Antônio Medina Rodrigues: Não tem nada a ver com o eu?
Eduardo Gianetti: Não tem nada a ver com o eu, mas ele mostra o desconhecimento. Primeiro o desconhecimento ao quadrado de alguém que imagina que sabe e que desconhece. Depois, o desconhecimento de alguém que sabe o que não sabe que sabe.
Antônio Medina Rodrigues: Sim, mas por cima da cabeça das pessoas, acreditava Sócrates, havia um universo da verdade ao qual o indivíduo deveria ascender.
Eduardo Gianetti: Não tenho essa impressão que ele, eu não, não, me...
Antônio Medina Rodrigues: Mas aonde quer levar?
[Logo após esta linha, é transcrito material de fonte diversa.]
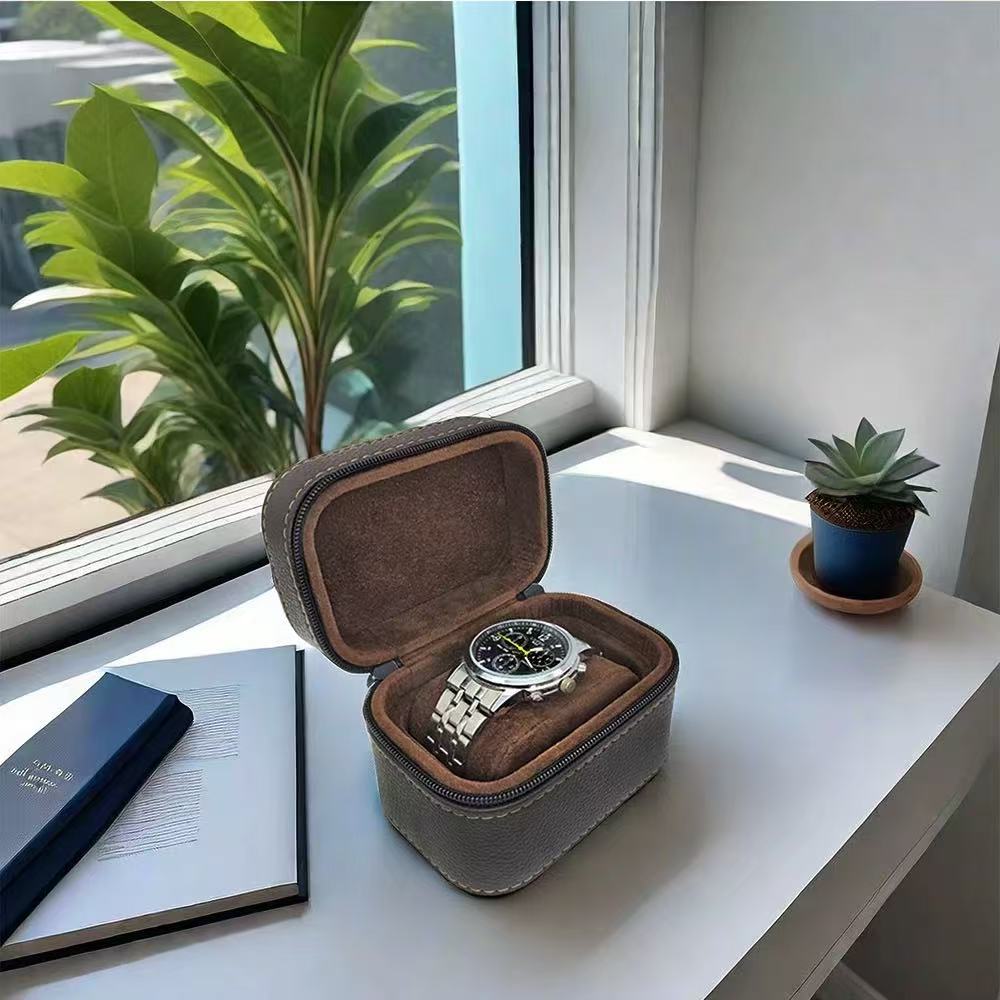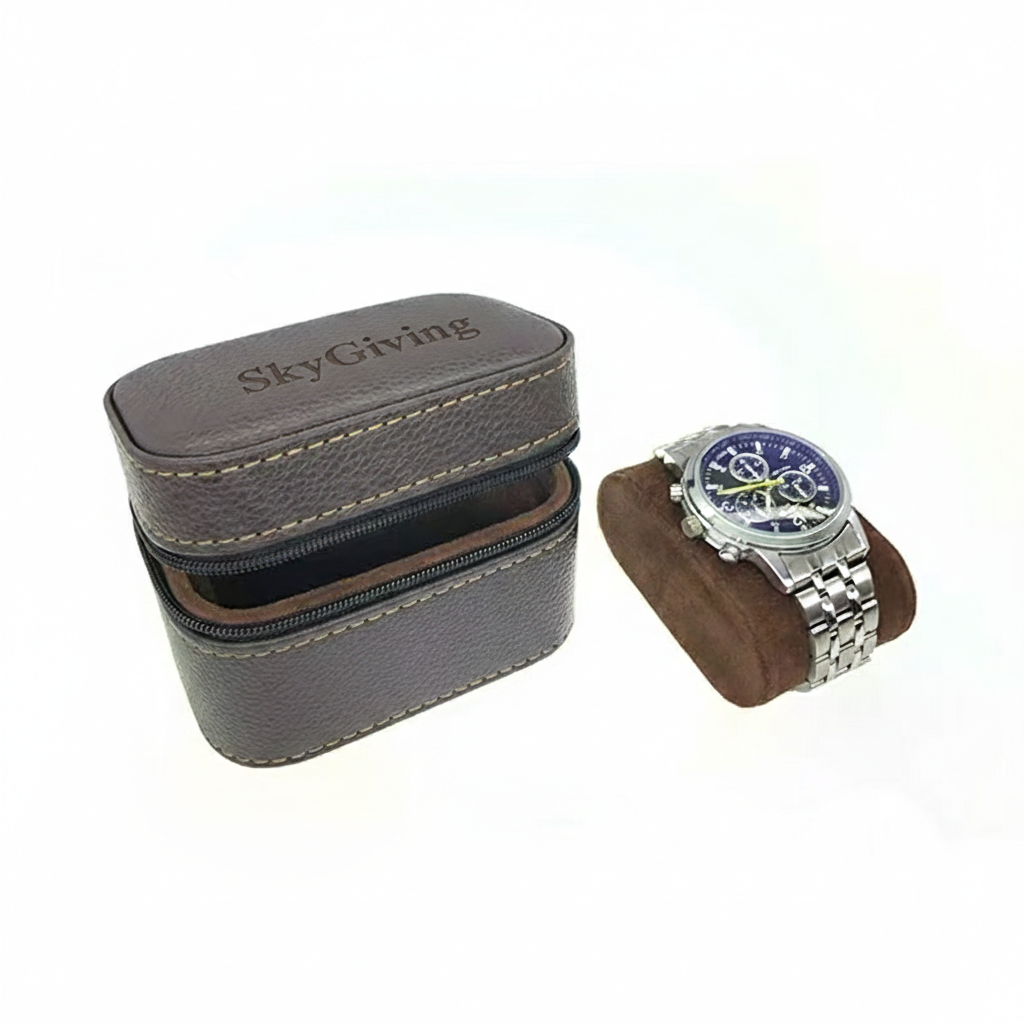 Protection on the go. The SkyGiving Nomad is the essential companion for the modern traveler. Crafted from rugged, pebble-grained espresso leather and lined with a soft velvet interior, this case ensures your timepiece remains scratch-free and secure, whether in a carry-on or on your dresser.

O Sócrates quer levar as pessoas aonde?
Eduardo Gianetti: Para algum tipo de verdade. Ele é um parteiro do saber que está no indivíduo com quem ele interage.
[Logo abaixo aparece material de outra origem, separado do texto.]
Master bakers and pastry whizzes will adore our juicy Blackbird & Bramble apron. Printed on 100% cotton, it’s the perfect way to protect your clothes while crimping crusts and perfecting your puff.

Antônio Medina Rodrigues: Mas está nesse indivíduo por quê? Porque esse indivíduo, desde outras vidas, já conhecia isso. É um saber objetivo, é um saber cosmológico, não é nada romântico. A sua inspiração é romântica, de certa forma, é o "eu" romântico. Um pouco, talvez, o "eu" da filosofia moderna, mas os gregos não queriam saber do eu, a não ser que você perguntasse para o grego: "onde você mora?" Bom, eu moro em tal lugar. Mas um grego começar a falar de seus botões, com esse narcisismo, que ficou inflacionado a partir do século 18, do romantismo para cá, isso não aconteceu. Para eles, o grande barato do mundo, era conhecer o mundo mesmo, não era conhecer o eu. Por isso que eles foram grandes e cultivaram os deuses. Cultivaram a pólis [modelos das cidades na Grécia antiga].
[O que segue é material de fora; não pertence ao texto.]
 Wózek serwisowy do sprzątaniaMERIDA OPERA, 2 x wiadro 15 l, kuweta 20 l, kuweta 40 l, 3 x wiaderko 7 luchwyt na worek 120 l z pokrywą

Eduardo Gianetti: Eu tenho a impressão que o Sócrates mudou, o Sócrates mudou um pouco disso.
Antônio Medina Rodrigues: Eles inventaram a filosofia, trabalharam a matemática, inventaram a democracia porque eles jamais pensaram nesse eu.
Eduardo Gianetti: Então, você está dizendo que o indivíduo não existe no mundo grego, é isso?
Antônio Medina Rodrigues: O indivíduo existe, o individualismo existe, mas não o indivíduo do tipo você tem quer ser o melhor.
Eduardo Gianetti: Não, mas o indivíduo existe.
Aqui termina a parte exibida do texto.